__Data block__:
———
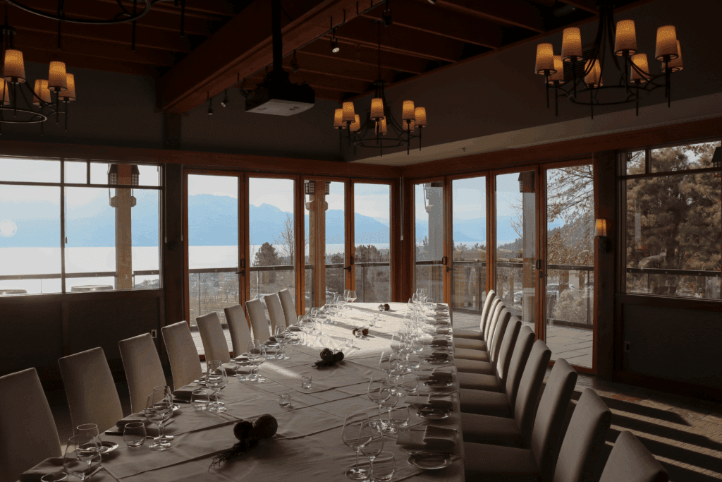 The Stewart Family Room is an ideal setting for private dinners, meetings, or seminars, offering panoramic views, premium hospitality, and award-winning cuisine in a refined, private space suited to smaller groups.
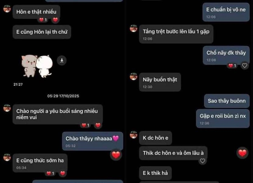 Ngày 22/10/2025, Ban Giám hiệu mời thầy N.V.T. để trao đổi sự việc xảy ra giữa thầy N.V.T. và học sinh N.T.T.L. Sau khi nghe trình bày bản tường trình của học sinh, ông N.V.T. thừa nhận có nhắn tin thân mật qua lại, nhưng khẳng định không có hành động đụng chạm vào cơ thể học sinh. Ông N.V.T. nhận lỗi đã sai khi nhắn tin thân mật với học trò.
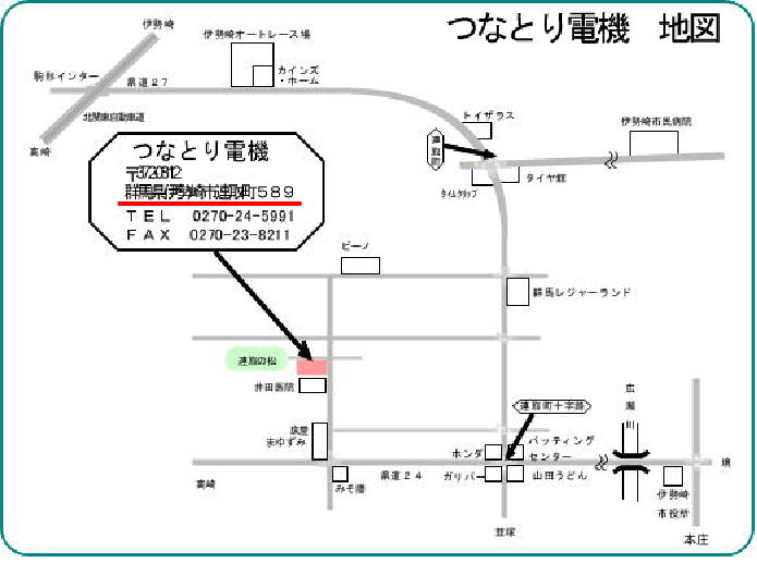 東武線伊勢崎駅より自動車で約15分。 高崎線本庄駅より自動車で約25分。
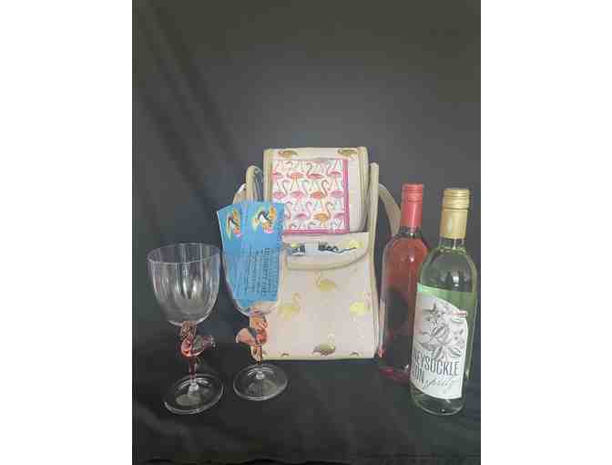 Enjoy a relaxing evening on the beach watching the sunset with this wine cooler, flamingo wine glasses, a bottle of melon moscato and rosé. End the evening with some ice cream from Snow Bird OBX.
———
__Aim of the task__: From the line that contains "Ngày 22/10/2025, Ban" down to the last line of the material above, every line must be repeated exactly, with pictures removed and both end lines included.

__Written response__:
 Ngày 22/10/2025, Ban Giám hiệu mời thầy N.V.T. để trao đổi sự việc xảy ra giữa thầy N.V.T. và học sinh N.T.T.L. Sau khi nghe trình bày bản tường trình của học sinh, ông N.V.T. thừa nhận có nhắn tin thân mật qua lại, nhưng khẳng định không có hành động đụng chạm vào cơ thể học sinh. Ông N.V.T. nhận lỗi đã sai khi nhắn tin thân mật với học trò.
 東武線伊勢崎駅より自動車で約15分。 高崎線本庄駅より自動車で約25分。
 Enjoy a relaxing evening on the beach watching the sunset with this wine cooler, flamingo wine glasses, a bottle of melon moscato and rosé. End the evening with some ice cream from Snow Bird OBX.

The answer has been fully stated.